Continuous cooling transformation (CCT) diagrams of β Ti-40Nb and TMZF alloys and influence of cooling rate on microstructure and elastic modulus

Abstract

Considering an increase in the interaction time between a patient and a metallic implant, new problems can emerge, such as stress shielding and fracture due to mechanical failure. Thus, metallic biomaterials that are used as implants need to be improved decreasing their elastic modulus as the mechanical biocompatibility between a bone and an implant can be improved and prevent the stress shielding phenomena. Therefore, β Ti alloys have gained ground over the last decades as both the β phase and the martensitic α″ phase can lead to a decrease in the elastic modulus.
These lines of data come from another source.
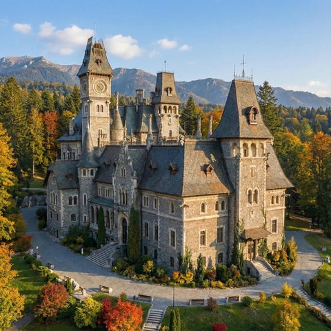 Besuche die Schlösser Bran, Peles, Pelisor und Cantacuzino auf dieser Gruppentour ab Brașov. Reise durch die atemberaubenden Landschaften der siebenbürgischen Alpen und der südlichen Karpaten.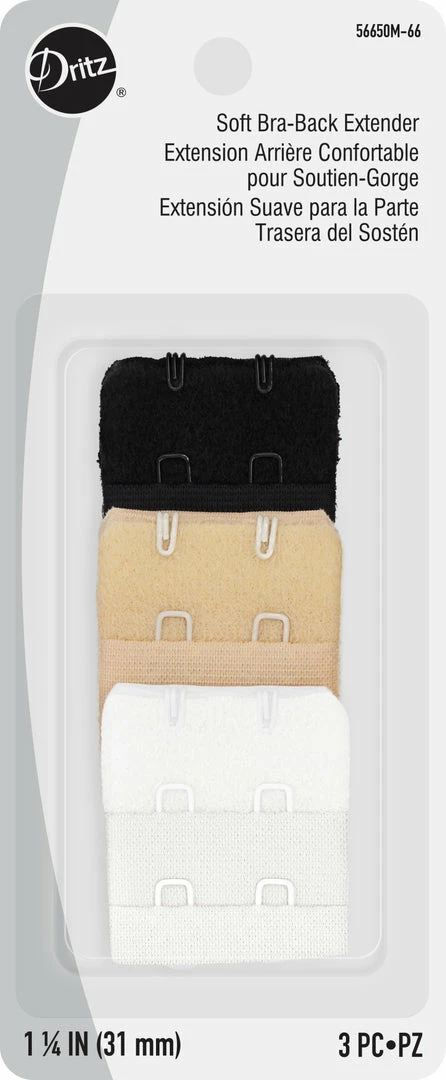 Simply attach Dritz soft bra-back extender to existing bra hooks to extend back for a more comfortable fit.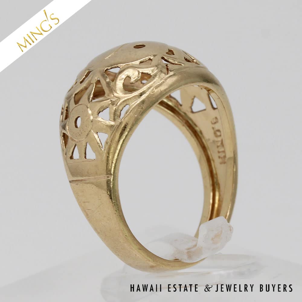 Ring is stamped Ming’s H.K. 14K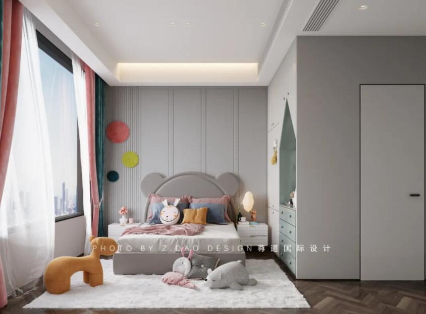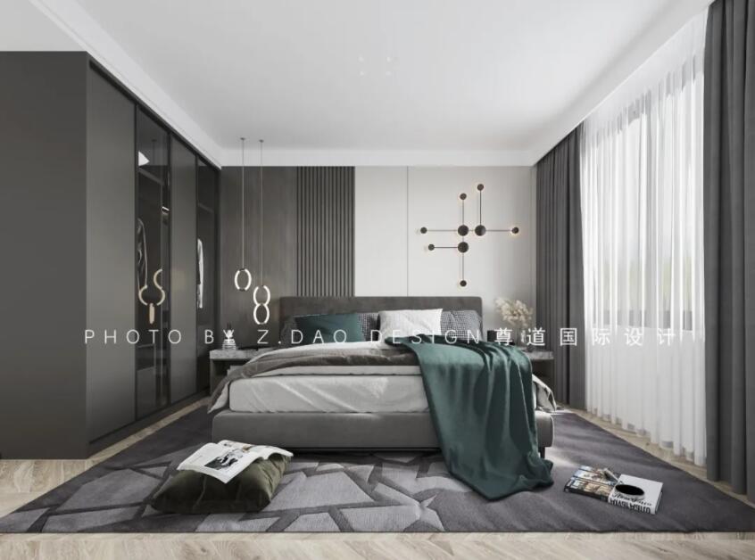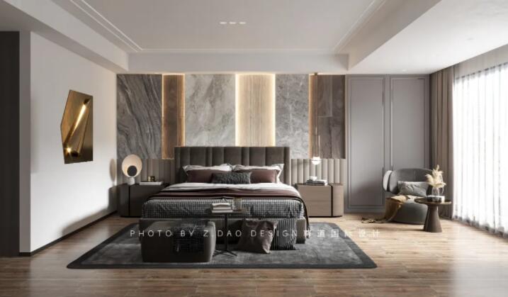 现在大多的大宅别墅的主卧,在原始户型上都是主卧+卫生间的模式,本案保留原始户型设计,设计上根据业主的喜好,将材质、色彩、光源巧妙融合,营造一种安静、舒适、惬意的现代风空间。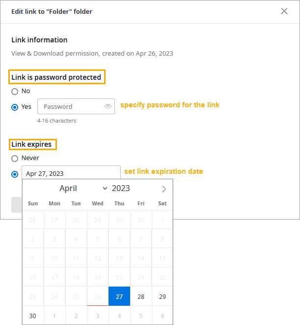 - Under the submenu "Link is password protected", click the checkbox next to YES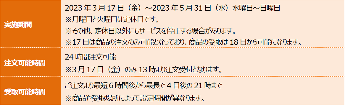 ※商品ごとに受取時間や受取箇所が設定されていますので、詳細は専用サイト(http://pikuraku.com/ )をご覧ください。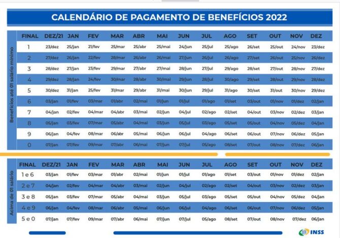 Para saber o dia correto do pagamento consultando a tabela do instituto, o segurado precisa checar o número do seu benefício, composto por um conjunto de dez dígitos (por exemplo, 111.111.112-1). O seu número é o penúltimo, ou, no caso do exemplo, o 2. De posse desta informação, é preciso consultar a tabela, atentando se o valor do benefício é de um salário mínimo ou superior.

This research aimed to obtain experimental continuous cooling transformation (CCT) diagrams for metastable β Ti-12Mo-6Zr-2Fe (TMZF) and stable β Ti-40Nb (wt. %) alloys through dilatometry tests and differential scanning calorimetry (DSC) analysis. The microstructure characterization by optical (OM) and scanning electron microscopy (SEM), the elastic modulus, E (GPa) and the Vickers microhardness (HV) were analyzed under varied cooling rates from the β field, as well as rapidly solidified by copper mold casting. The results showed that the higher the cooling rate imposed, the lower the Vickers microhardness and elastic modulus values for both alloys, which were 56 GPa and 144 HV for Ti-40Nb and 74 GPa and 333 HV for the best condition (rapid solidified).